If you look at the method of attack there is a clear argument for the malicious actor not being state-backed. If you think of the CIA, NSA, GCHQ, MI5 or any big government agency, the majority would assume that their cyber arsenals held the most technologically advanced cyber weapons. Would a nation state really deploy a classic DDoS? Doubting that the voter registration outage was the work of a serious actor like a nation state, Ilia Kolochenko said:
“Governments have enough technical and financial resources to create smart botnets, simulating human behaviour that would be hardly distinguishable from legitimate website visitors,” said the CEO of web security firm, High-Tech Bridge.
“Running a classic DDoS attack is too coarse, and would rather attract unnecessary attention to the external interference, trigger investigations and all other outcomes that smart attackers would avoid at any price.”
The prime suspect is usually the most obvious – so was the register to vote website crash just an IT glitch?
However, there are many in the security industry who dispute the DDoS diagnosis of the register to vote website crash – it must also be noted that the Committees report said that there was only an indication of the outage being a DDoS attack. The question has to be asked as to why the government cannot definitively state that the voter registration downtime was the cause of a cyber attack. The problem with this may lie in the fact that it is hard to distinguish a DDoS attack from a surge in traffic, as AlienVault’s Javvad Malik told CBR:
“It’s quite likely that a sudden huge spike in traffic could be attributed to a DDoS attack as opposed to an increase in demand. At times, it can be difficult to differentiate between the two without having detection controls that can identify the source and type of traffic, or behavioural controls that look at the traffic flow and seeing whether the flow differs from what would resemble normal behaviour.”
So the question to ‘who hacked Brexit’ may very well have a simple answer – no one. The current political landscape and concern around a cyber cold war may be fuelling this rhetoric around a supposed DDoS attack when, in reality, the outage was down to underprepared IT systems being overwhelmed with genuine voters.

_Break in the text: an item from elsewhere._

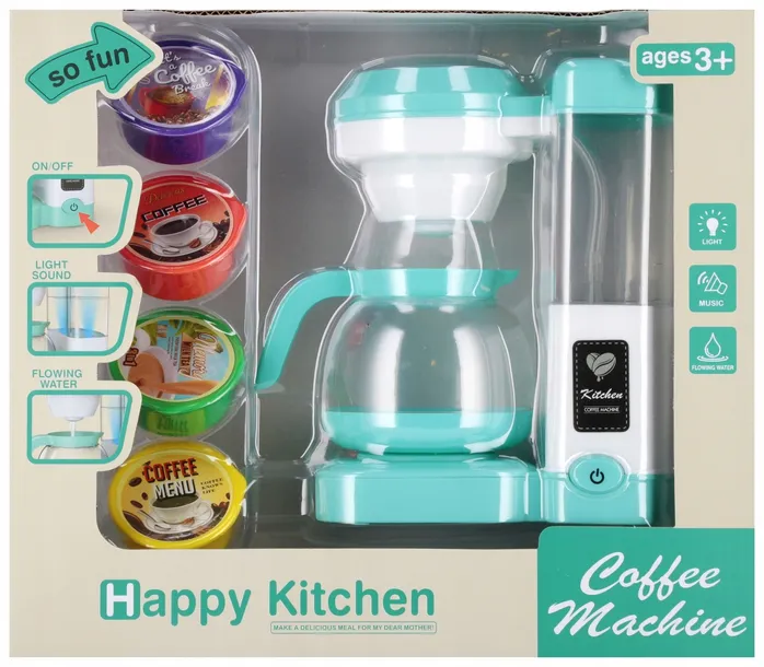 Zalety produktu : ekspres posiada efekty dźwiękowe oraz świetlne- parzenia kawy, bulgotania wody, świeci lampka zasilania na czerwono, ekspres posiada pojemnik na wodę który po napełnieniu pobiera ją, przez zbiornik leje się woda prosto do dzbanka, dzięki czemu idealnie imituję proces parzenia kawy. Najlepiej smakuje kawa przygotowana samemu. Pozwól dziecku na zaparzenie własnoręcznie kawy ekspresem od MEGA CREATIVE Produkt ten idealnie odzwierciedla prawdziwy sprzęt kuchenny Wspaniałe kolory i wspaniała zabawa. Całość wykonana z plastiku. Zawartość zestawu: ekspres do kawy, 4x kapsułka z kawą. Wymiary/waga/zasilanie: wymiary produktu dł. x wys. gł. cm : 10x18x16, wymiary opakowania dł. x wys. x gł. cm : 29x25x11,waga produktu bez opakowania kg : 0,52 kg, waga produktu w opakowaniu kg :1,03 kg, wymaga zasilania bateriami 3 x AALR06- nie załączono do zestawu. Przeznaczony dla dzieci w wieku 3 . Pakowany w kartonik z okienkiem. W kartonie zbiorczym po 24/48 szt.

“The question of whether the online voting site for the EU referendum was subject to a DDoS attack or not is a hard one to answer for anyone outside of the parliamentary arena,” said security researcher Lee Munson.
“On the face of it, a huge surge of visitors was not entirely unexpected, given the emotive nature of the referendum itself and the quoted visitor numbers are not vastly greatly than figures recorded in the past, suggesting no attack took place.”
Looking at the evidence, both Russia and China are viable suspects if the outage was indeed a DDoS attack – both have a rich cyber espionage history and the resources and backing to boot. But questions still remain, chiefly what was their motivation and why use a cheap trick like DDoS?
On the other hand you have the standalone hacker or hacking group which is not state-backed, presumably driven by political and emotive beliefs who launched an easy to use DDoS. However, if it were a DDoS then the government would be able to confirm the attack. All the evidence at this stage points to a mere IT glitch – the website went down because of the IT failings of the government. They were under prepared and slow to act – but maybe this is why MP’s are pointing to Russia and China. The mistake on home ground is less easy to explain away in contrast to the villainous foreign hacker.
“There are credible reports that Russia attempted to influence the outcome of votes on Brexit, and national elections across Europe and the US. In one case in Ukraine they even temporarily changed the tallies of the vote so a far-right candidate appeared to have won,” concluded Chris Doman, Security Researcher at AlienVault.
“But so far the MPs comments about the Brexit website being attacked don’t have any supporting evidence – and have been dismissed by the government. If the site had been the subject of an attack, GovCERT would have been well aware.”